Both files are optional. If neither exists for a skill, it behaves as
before. Files are read at skill invocation time. Do not add YAML
frontmatter to these files — their entire content is injected as-is.
**When to use which**: Use **global context** (`.claude/accelerator.md`)
for information all skills should know. Use **skill context**
(`context.md`) for information only one skill needs. Use **skill
instructions** (`instructions.md`) to change how a skill behaves — add
steps, enforce formats, or modify output.
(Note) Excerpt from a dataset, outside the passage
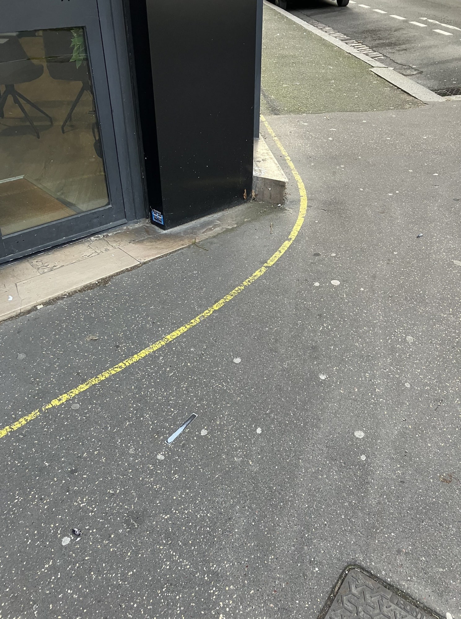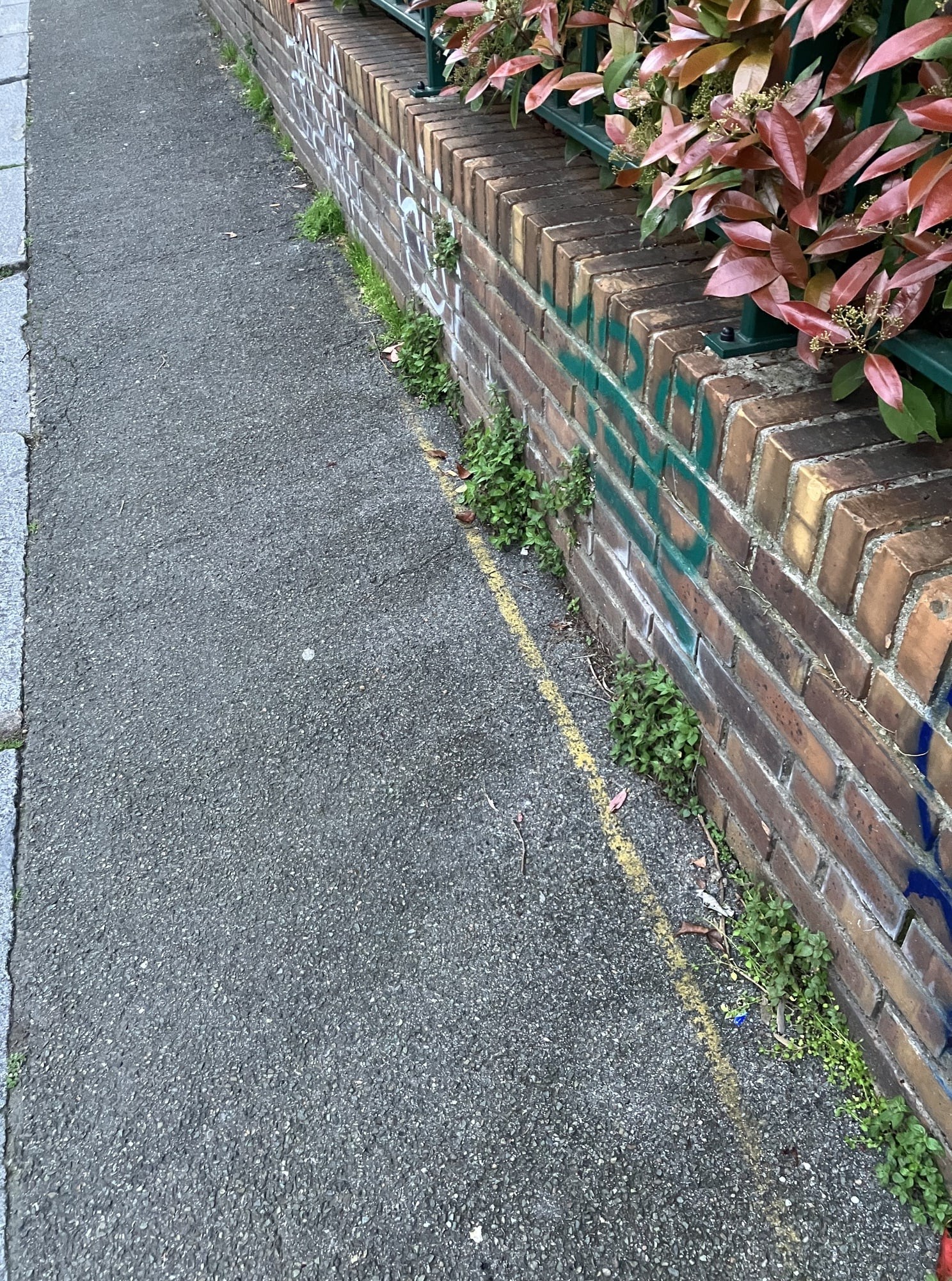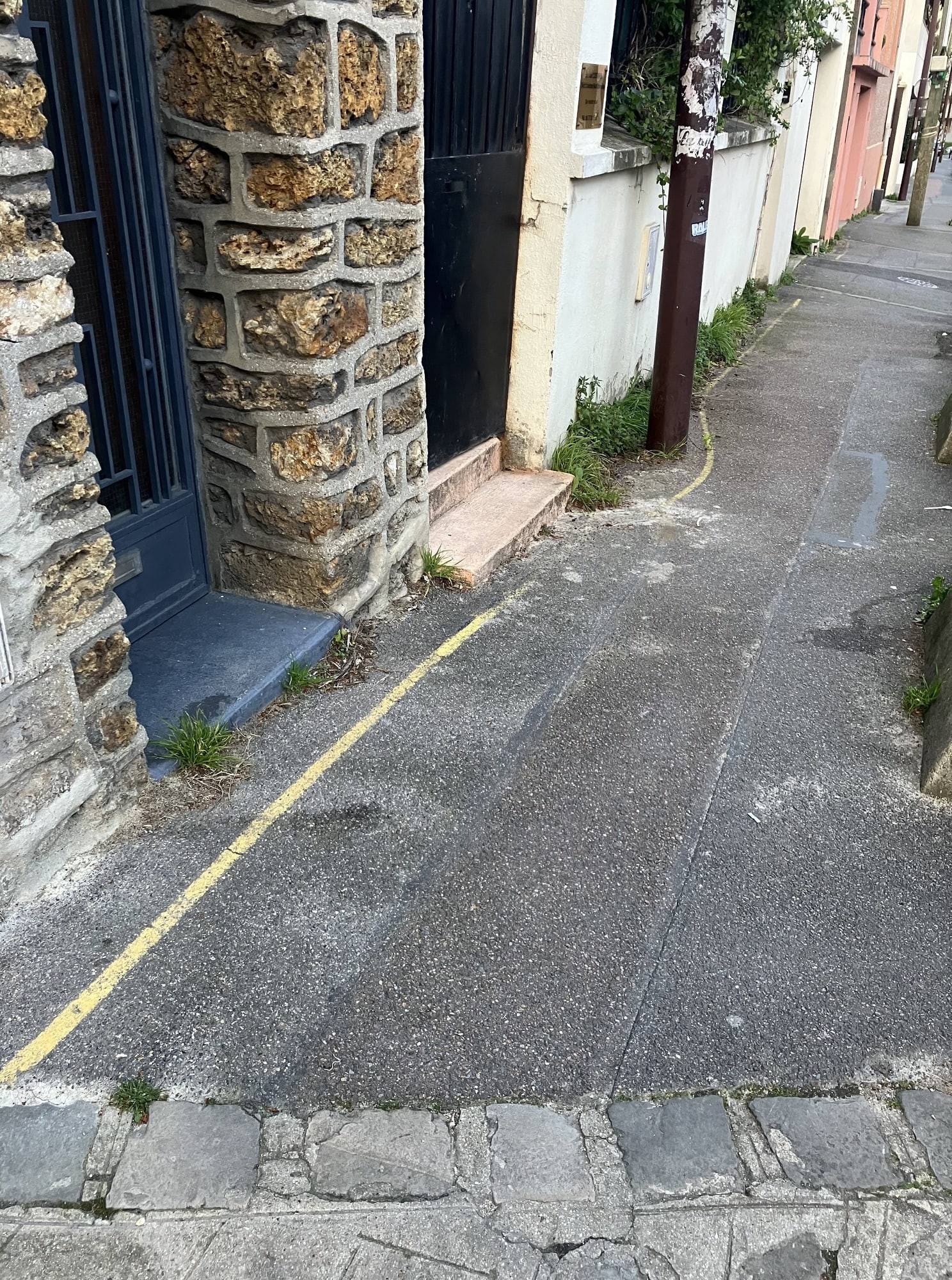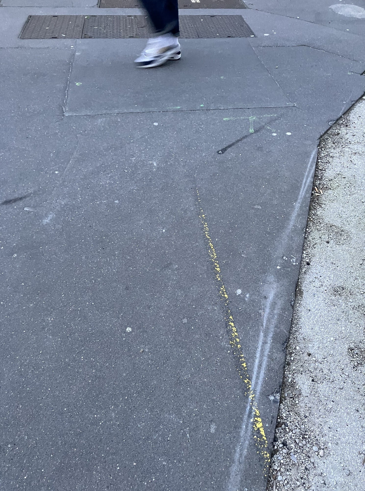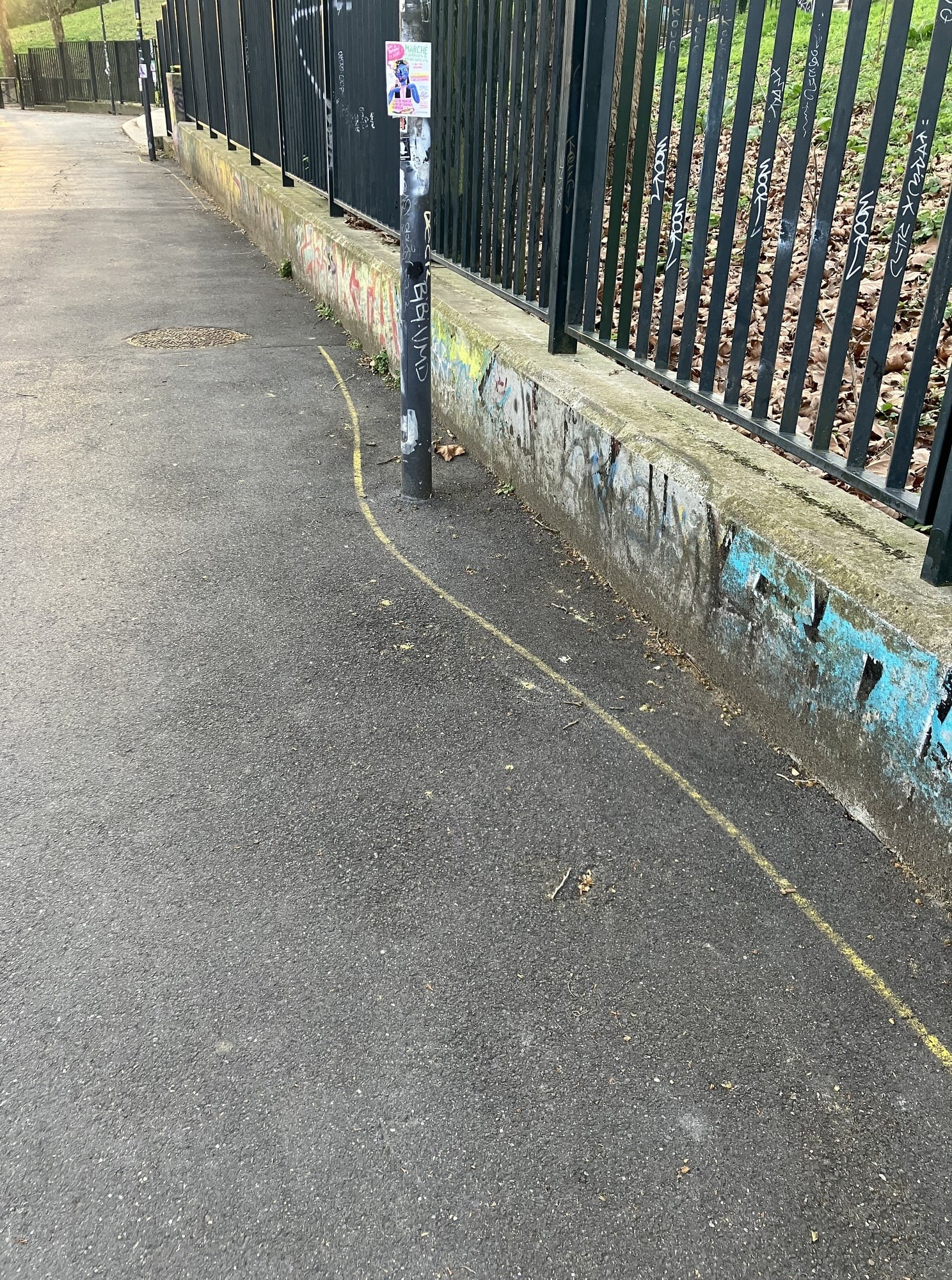 Il y a quelques temps je suis retombé sur un signe urbain que j’avais remarqué il y a dix ans quand je m’étais installé à Montreuil, sur lequel je m’étais un peu renseigné, mais je n’avais pas creusé plus loin. Le signe en question, c’est une ligne jaune, présente sur de nombreux trottoirs de la ville, et qui marquent une proposition de chemin : la Boucle des Trois Parcs.

Per-skill context and
instructions supplement global context (both are visible to the skill);
per-skill instructions appear at the end of the prompt and will typically
take precedence if they conflict with earlier instructions.
**Shared vs personal**: Per-skill files are typically committed to the
repository as team-shared customisations. For personal per-skill
preferences, add the relevant directories to `.gitignore`.
**Troubleshooting**: Directory names must match a known skill name exactly.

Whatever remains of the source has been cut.